AIM OF THE EXERCISE — Please output exactly the lines below, starting at the line that has "Baby Keepsake Company" and ending at the line that has "a variety of dishes", both included; leave out all pictures and include nothing else.

RECORDED DATA —
# # # #

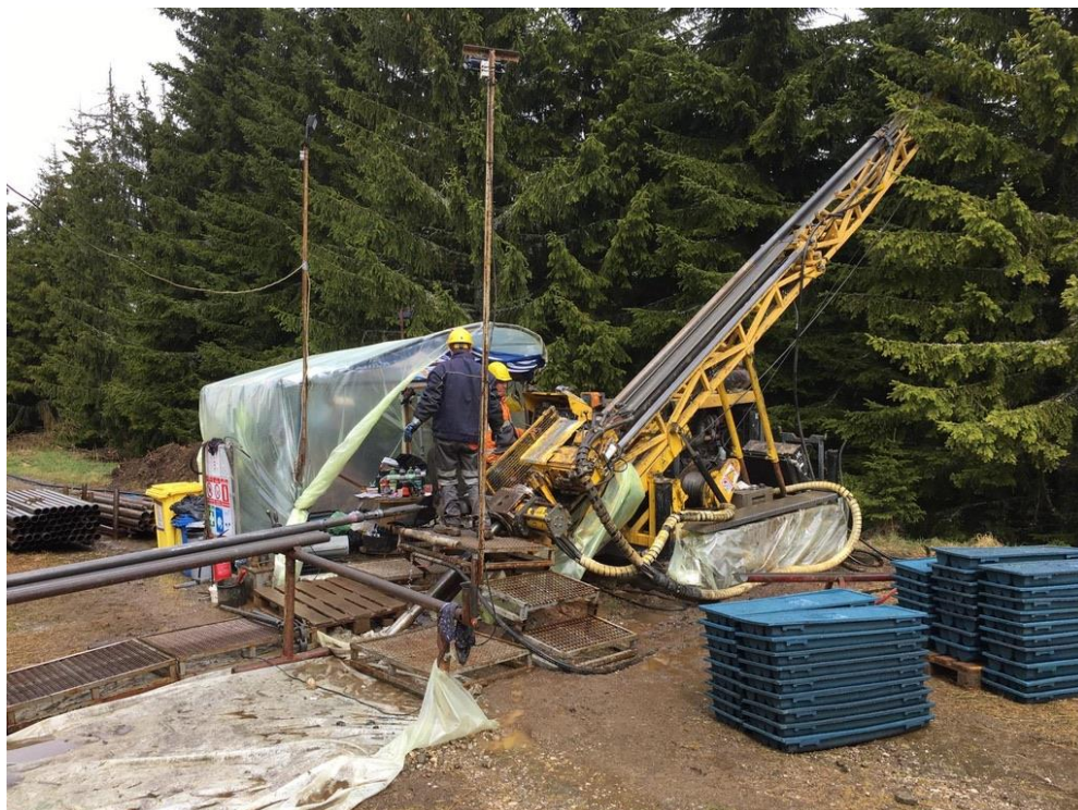
Figure 1 – Drill rig 1 in operation

On 16 August 2021 the Company announced that during the drilling campaign an intersection of 1.91m pegmatite mineralisation @ 2.4% of Li 2 O content was recovered, an exciting result given the average grade of the deposit is 1.0% Li 2 O.
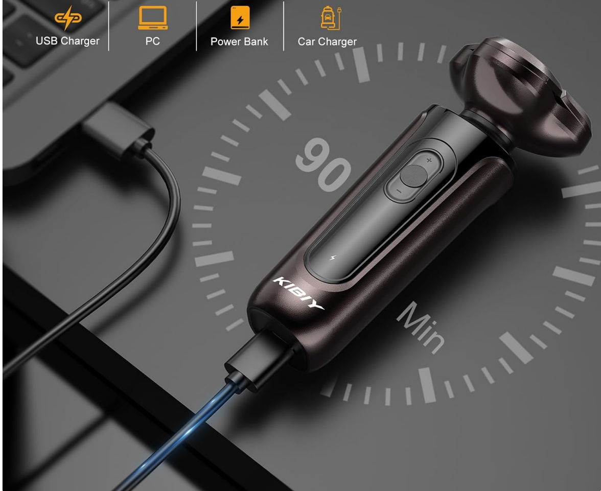
Figure 2.5: The shaver features a long-lasting battery and USB-C charging.

One fully charge enjoy up to 3 months of shaving convenience.
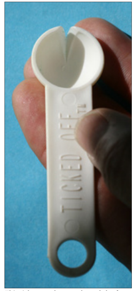
This tick spoon has a v-shaped slot for easy tick removal.

The first case of Powassan Encephalitis in New Hampshire was in 2013.
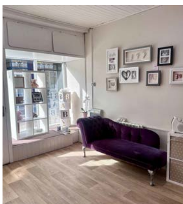
Baby Keepsake Company 23 Burnley Road Padiham BB12 8BY
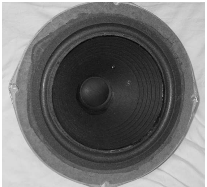
The Advent Low-Frequency Driver

The efficiency of the system has been carefully chosen to provide for reproduction of the lowest usable frequencies with amplifiers and receivers of good quality and medium power. While efficiency is lower than that of some comparably priced speakers of more limited range, and will require a slightly higher setting of a volume control for the same acoustic level, it is no more likely to tax the actual power capabilities of the amplifier or receiver used in a home. This doesn’t hold for auditoriums or, in many cases, for large (and sometimes noisy) audio showrooms, but it is emphatically so for home listening at even the highest usual loudness levels.
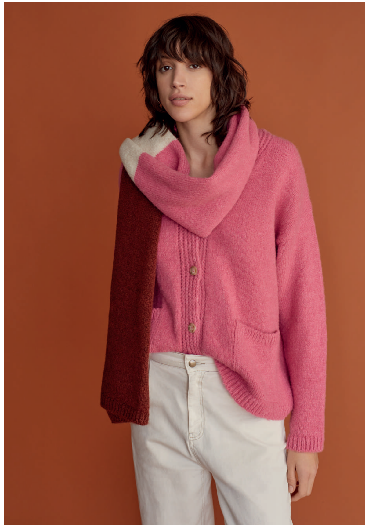
Cardigan 37554 Pants 37823 Scarf 37918
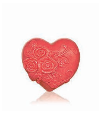
3530 HEART IN LOVE 65 g
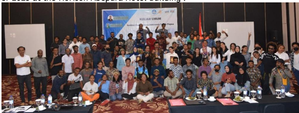
Figure 6. The Chancellor of ISBI Tanah Papua together with resource persons and the entire academic community consisting of educational staff and students in a group photo session at the Public Lecture activity entitled "Art Ecology in Creating Creative Spaces" 2023

The analysis then refers to activities that express more experimental and modern art, creating a fresh perspective on the relationship between art and the natural environment and Papuan culture. This activity is made possible by the existence of institutions that encourage efforts to understand further the values of local Papuan cultural wisdom through artistic creativity, such as public lectures, seminars and cultural performances to welcome certain moments related to art. One of them was carried out by the academic community of the Indonesian Arts and Culture Institute of Papua Land through a public lecture entitled “Ekologi Seni dalam Cipta Ruang Kreatif” (Art Ecology in Creating Creative Spaces) on Wednesday 13 September 2023 at the Horison Abepura Hotel Building .
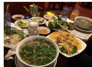
a variety of dishes

What is Pho? A traditional Vietnamese broth soup serve with meats and herbs, a staple in Vietnamese cooking
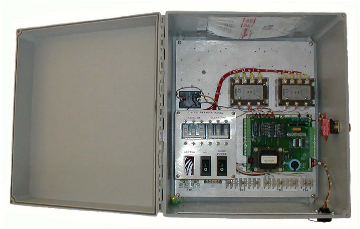
Single Speed MCU4 (Cover Door Open)

The following typical photographs of the MCU4 and MCU Handheld Controller may be referred to for the functional discussion in Section C.
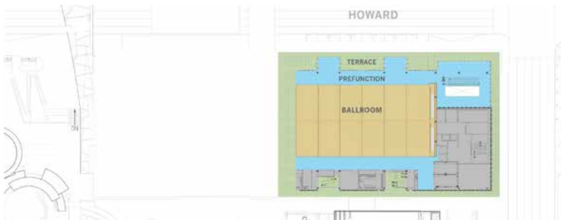
4TH LEVEL PLAN
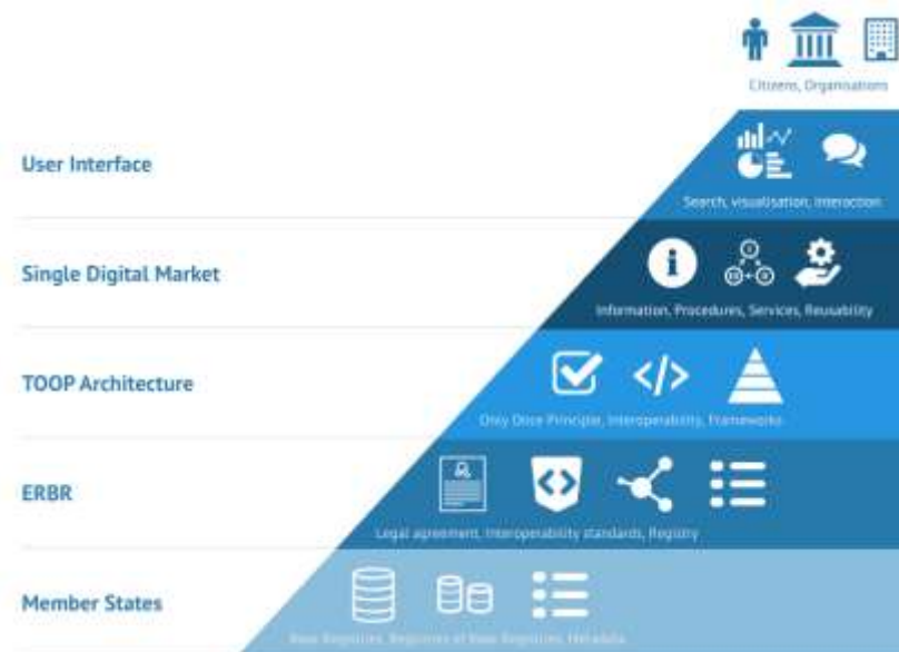
Fig. 1. ERBR Framework Stack

Framework (EIF) 5 , and Connecting Europe Facility (CEF) 6 , an ERBR may contribute to this project of interoperability development.
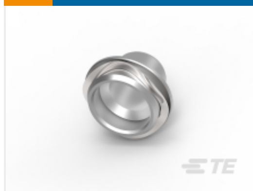
TE Model / Part #2141809-3 CONTACT KIT, BODY AND SPRING,
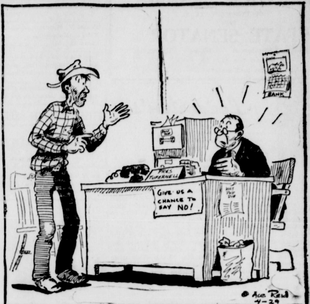
I bet you won't believe them cows I had mortgaged got struck by lightning and all them unmortgaged ones had twin calves.
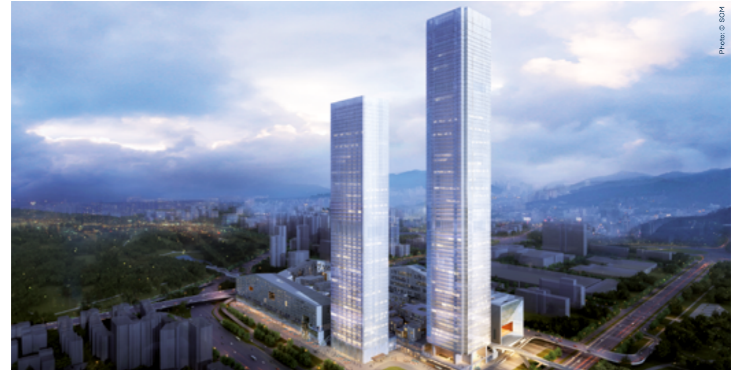
• SHUM YIP UpperHills LOFT, Shenzhen, China
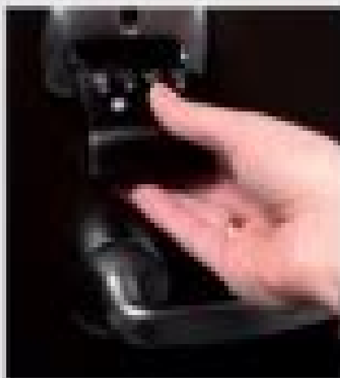
Upload/download lock information
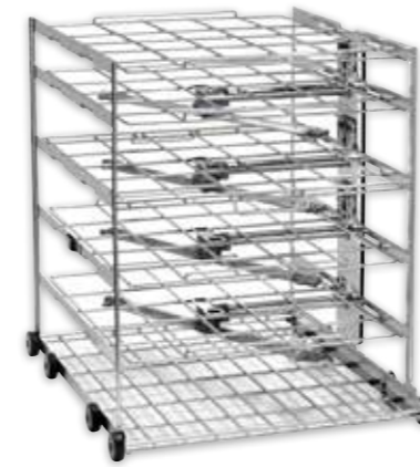
CSK1210FLEX 6 levels flexible multipurpose washing rack for simultaneous washing of standard and MIC surgical instruments
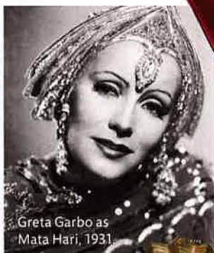
Greta Garbo as Mata Hari, 1931.
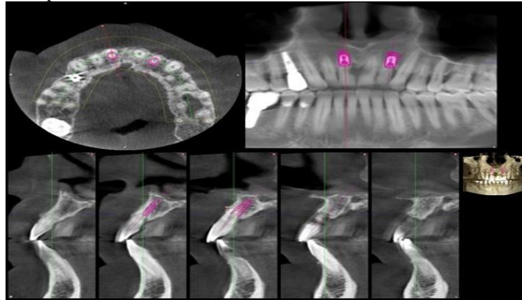
Figure1: Initial CBCT , the implants in 14 and 46

Phase II therapy was planned, extraction of teeth 12,11and 22 was done under local anaesthesia. Flap surgery has been done after the extraction of the mobile anterior teeth region(Figure2,3 ).
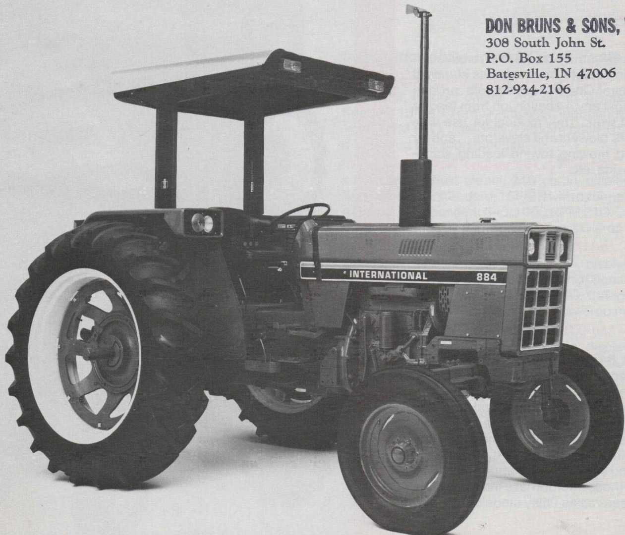
International 884 Row Crop Tractor

DON BRUNS & SONS, INC. 308 South John St. P.O. Box 155 Batesville, IN 47006 812-934-2106
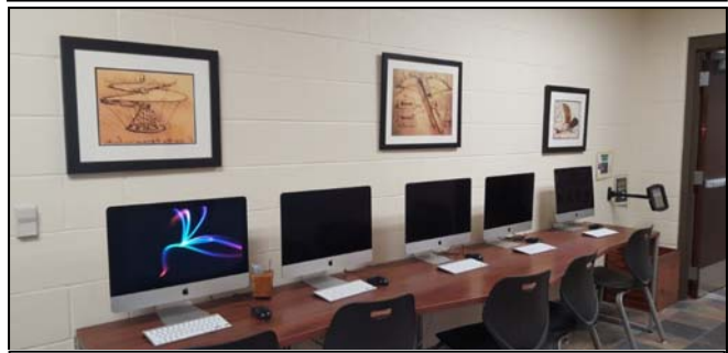
Top Left: Original water fountain. Photo courtesy of Berners-Schober archive. Top Right: Water fountain which incorporates a blend of the old (floor tiles, and new (water fountain with refillable water bottle option and new tile. Photo by Jo-Ann Metzler, Leonardo Da Vinci School.. Center: Classroom from days gone by. Photo courtesy of Berners-Schober archive. Bottom: Computer work station in the hallway outside of the Thinking Studio (library. Photo by JoAnn Metzler, Leonardo Da Vinci School..

Schools for their foresight in providing a new home for a growing program by retrofitting a significant downtown building. This act should be significant to eliminate the "brain drain" where parents of these special students do not need to move to another school district to meet the needs of their child.
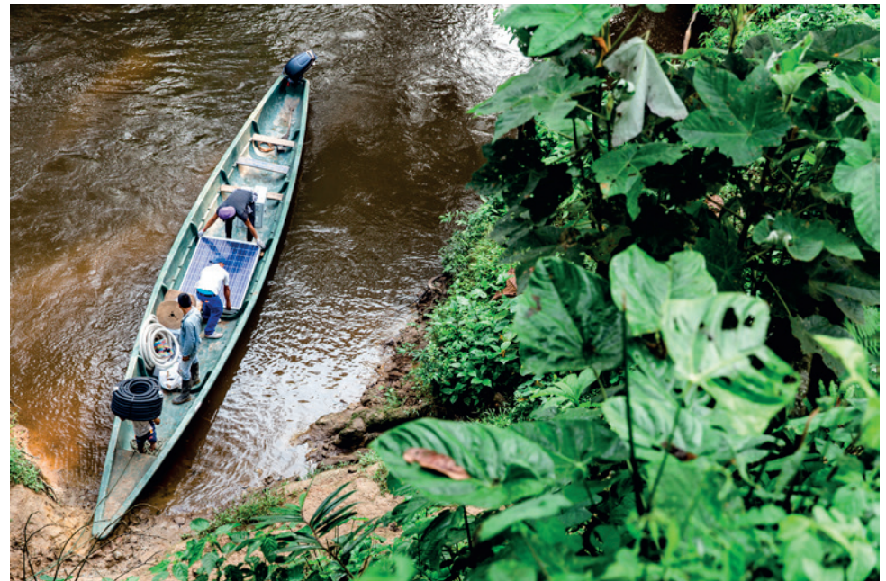
Transportation of solar system materials in the Amazon rainforest

# # # #

SOLUTION FOR THIS TASK —
Baby Keepsake Company 23 Burnley Road Padiham BB12 8BY
The Advent Low-Frequency Driver

The efficiency of the system has been carefully chosen to provide for reproduction of the lowest usable frequencies with amplifiers and receivers of good quality and medium power. While efficiency is lower than that of some comparably priced speakers of more limited range, and will require a slightly higher setting of a volume control for the same acoustic level, it is no more likely to tax the actual power capabilities of the amplifier or receiver used in a home. This doesn’t hold for auditoriums or, in many cases, for large (and sometimes noisy) audio showrooms, but it is emphatically so for home listening at even the highest usual loudness levels.
Cardigan 37554 Pants 37823 Scarf 37918
3530 HEART IN LOVE 65 g
Figure 6. The Chancellor of ISBI Tanah Papua together with resource persons and the entire academic community consisting of educational staff and students in a group photo session at the Public Lecture activity entitled "Art Ecology in Creating Creative Spaces" 2023

The analysis then refers to activities that express more experimental and modern art, creating a fresh perspective on the relationship between art and the natural environment and Papuan culture. This activity is made possible by the existence of institutions that encourage efforts to understand further the values of local Papuan cultural wisdom through artistic creativity, such as public lectures, seminars and cultural performances to welcome certain moments related to art. One of them was carried out by the academic community of the Indonesian Arts and Culture Institute of Papua Land through a public lecture entitled “Ekologi Seni dalam Cipta Ruang Kreatif” (Art Ecology in Creating Creative Spaces) on Wednesday 13 September 2023 at the Horison Abepura Hotel Building .
a variety of dishes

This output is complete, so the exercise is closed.